[DATA FOR REVIEW — start]

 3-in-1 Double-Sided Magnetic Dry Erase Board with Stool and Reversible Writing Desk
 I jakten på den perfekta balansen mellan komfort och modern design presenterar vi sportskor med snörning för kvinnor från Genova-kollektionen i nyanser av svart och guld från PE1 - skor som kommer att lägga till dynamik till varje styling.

[DATA FOR REVIEW — finish]
[DATA FOR REVIEW — start]

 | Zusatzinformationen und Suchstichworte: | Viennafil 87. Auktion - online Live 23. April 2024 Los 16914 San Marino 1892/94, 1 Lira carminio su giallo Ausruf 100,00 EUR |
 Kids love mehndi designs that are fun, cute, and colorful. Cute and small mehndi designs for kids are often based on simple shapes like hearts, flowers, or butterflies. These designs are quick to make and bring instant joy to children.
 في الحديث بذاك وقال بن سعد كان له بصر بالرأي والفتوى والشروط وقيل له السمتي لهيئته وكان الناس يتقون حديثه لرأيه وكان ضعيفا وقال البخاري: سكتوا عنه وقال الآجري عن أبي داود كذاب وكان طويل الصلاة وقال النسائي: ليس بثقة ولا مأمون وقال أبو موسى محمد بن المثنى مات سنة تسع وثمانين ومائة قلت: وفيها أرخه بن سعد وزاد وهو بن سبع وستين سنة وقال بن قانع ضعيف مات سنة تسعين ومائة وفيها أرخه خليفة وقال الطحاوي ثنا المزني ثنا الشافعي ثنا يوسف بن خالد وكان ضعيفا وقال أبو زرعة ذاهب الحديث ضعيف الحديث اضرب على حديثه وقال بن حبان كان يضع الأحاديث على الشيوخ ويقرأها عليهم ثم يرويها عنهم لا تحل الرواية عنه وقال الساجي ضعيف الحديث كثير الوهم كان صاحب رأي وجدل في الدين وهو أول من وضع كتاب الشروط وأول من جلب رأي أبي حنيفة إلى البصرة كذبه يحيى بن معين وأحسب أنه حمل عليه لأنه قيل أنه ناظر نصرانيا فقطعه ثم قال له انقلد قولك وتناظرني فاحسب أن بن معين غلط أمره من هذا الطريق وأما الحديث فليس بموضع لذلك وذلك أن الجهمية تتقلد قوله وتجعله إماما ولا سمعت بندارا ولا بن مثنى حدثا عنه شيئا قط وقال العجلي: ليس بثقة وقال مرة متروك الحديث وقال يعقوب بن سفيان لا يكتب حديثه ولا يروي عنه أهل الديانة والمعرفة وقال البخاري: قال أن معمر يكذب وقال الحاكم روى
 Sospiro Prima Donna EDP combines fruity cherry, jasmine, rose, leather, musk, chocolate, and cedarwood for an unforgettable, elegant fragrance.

[DATA FOR REVIEW — finish]
[DATA FOR REVIEW — start]

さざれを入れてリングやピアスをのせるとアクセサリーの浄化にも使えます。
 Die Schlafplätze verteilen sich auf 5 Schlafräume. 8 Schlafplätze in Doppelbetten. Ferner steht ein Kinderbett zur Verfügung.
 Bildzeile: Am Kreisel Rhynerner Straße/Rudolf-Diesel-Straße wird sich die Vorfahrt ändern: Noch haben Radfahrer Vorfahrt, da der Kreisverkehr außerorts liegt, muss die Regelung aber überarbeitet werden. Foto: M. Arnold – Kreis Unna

[DATA FOR REVIEW — finish]

WORK ORDER:
Retype only the stretch of lines above starting at the one with "3-in-1 Double-Sided Magnetic" and stopping at the one with "I jakten på", exactly as written, with both kept.

THE COMPLETED TASK:
 3-in-1 Double-Sided Magnetic Dry Erase Board with Stool and Reversible Writing Desk
 I jakten på den perfekta balansen mellan komfort och modern design presenterar vi sportskor med snörning för kvinnor från Genova-kollektionen i nyanser av svart och guld från PE1 - skor som kommer att lägga till dynamik till varje styling.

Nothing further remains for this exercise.